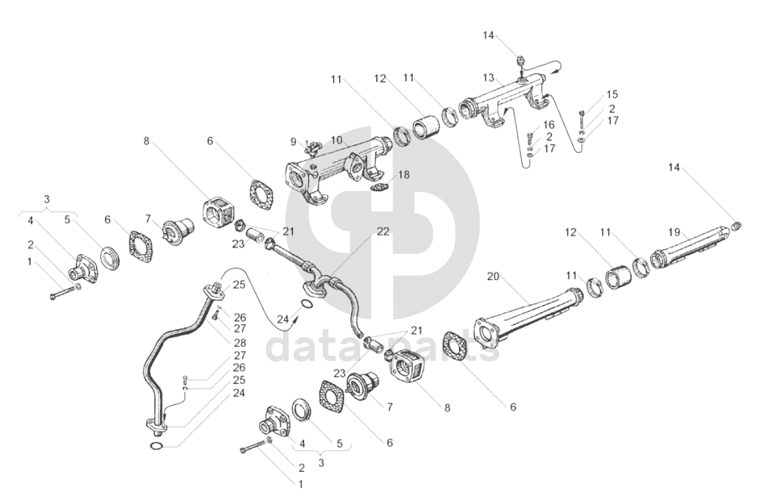 Трубы водяные и термостаты системы охлаждения двигателей с индивидуальными головками цилиндров (только для запасных частей)
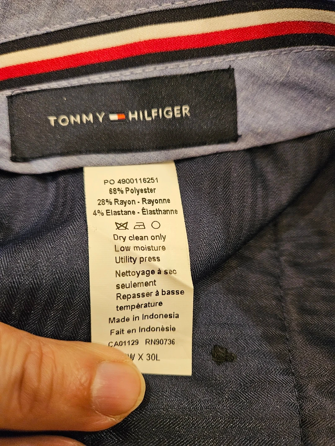 Tommy Hilfiger black dress pants in great condition! The size is 34W/ X 30L and they are made of 68% Polyester, 28% Rayon, and 4% Elastane
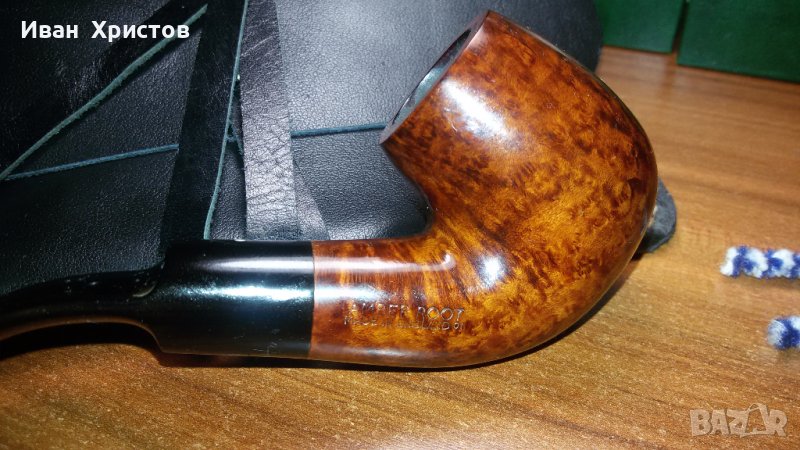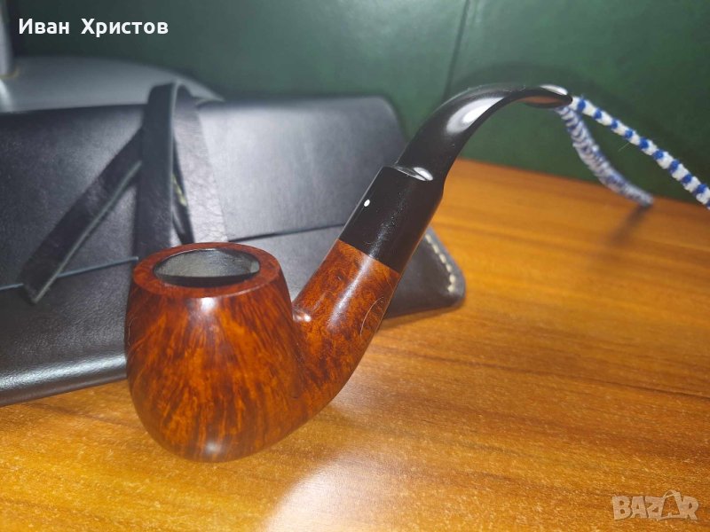 Лулата сe продава в комплект с много стилно калъфче от естествена кожа, което е в отлично състояние, като ново и придава допълнителна тежест и пълнота на тази красива и рядка лула. Това че лулата се продава с калъфче е предимство, защото в него лулата се съхранява отлично, така тя е по-подходяща за подарък, а и е много удобно и практично, когато искате да вземете лулата с вас, когато излизате навън,защото ще бъдете сигурен, че лулата няма да се надраска независимо дали сте я сложили в джоба си или в чантата си.Размери: дължина - 12,0 см.; височина на чашата - 4,5 см.; дълбочина на чашата /огнището/ - 3,5 см.; външен диаметър на чашата при ръба - 3,0 см.; вътрешен диаметър на чашата /огнището/ - 1,8 см.; тегло само - 42 гр.Лулата е красива, удобна, качествена и в прекрасно състояние, изглежда като нова. Тази лула пуши леко и приятно, както всички лули от марката DUNHILL и ще ви носи винаги много наслада с лекото и хладно пушене и красивата шарка на Бриара. Лулата е използвана само няколко пъти и за това е много запазена, доказателство за това е цялостния прекрасен външен вид на лулата и отличното състояние на нейното огнище, което е като при нова лула.

:: DESCRIPTION OF THE TASK ::
Transcribe exactly the line that contains "Tommy Hilfiger black" and each line after it through the end of the listing. Leave out the pictures.

:: ANSWER ::
 Tommy Hilfiger black dress pants in great condition! The size is 34W/ X 30L and they are made of 68% Polyester, 28% Rayon, and 4% Elastane
 Лулата сe продава в комплект с много стилно калъфче от естествена кожа, което е в отлично състояние, като ново и придава допълнителна тежест и пълнота на тази красива и рядка лула. Това че лулата се продава с калъфче е предимство, защото в него лулата се съхранява отлично, така тя е по-подходяща за подарък, а и е много удобно и практично, когато искате да вземете лулата с вас, когато излизате навън,защото ще бъдете сигурен, че лулата няма да се надраска независимо дали сте я сложили в джоба си или в чантата си.Размери: дължина - 12,0 см.; височина на чашата - 4,5 см.; дълбочина на чашата /огнището/ - 3,5 см.; външен диаметър на чашата при ръба - 3,0 см.; вътрешен диаметър на чашата /огнището/ - 1,8 см.; тегло само - 42 гр.Лулата е красива, удобна, качествена и в прекрасно състояние, изглежда като нова. Тази лула пуши леко и приятно, както всички лули от марката DUNHILL и ще ви носи винаги много наслада с лекото и хладно пушене и красивата шарка на Бриара. Лулата е използвана само няколко пъти и за това е много запазена, доказателство за това е цялостния прекрасен външен вид на лулата и отличното състояние на нейното огнище, което е като при нова лула.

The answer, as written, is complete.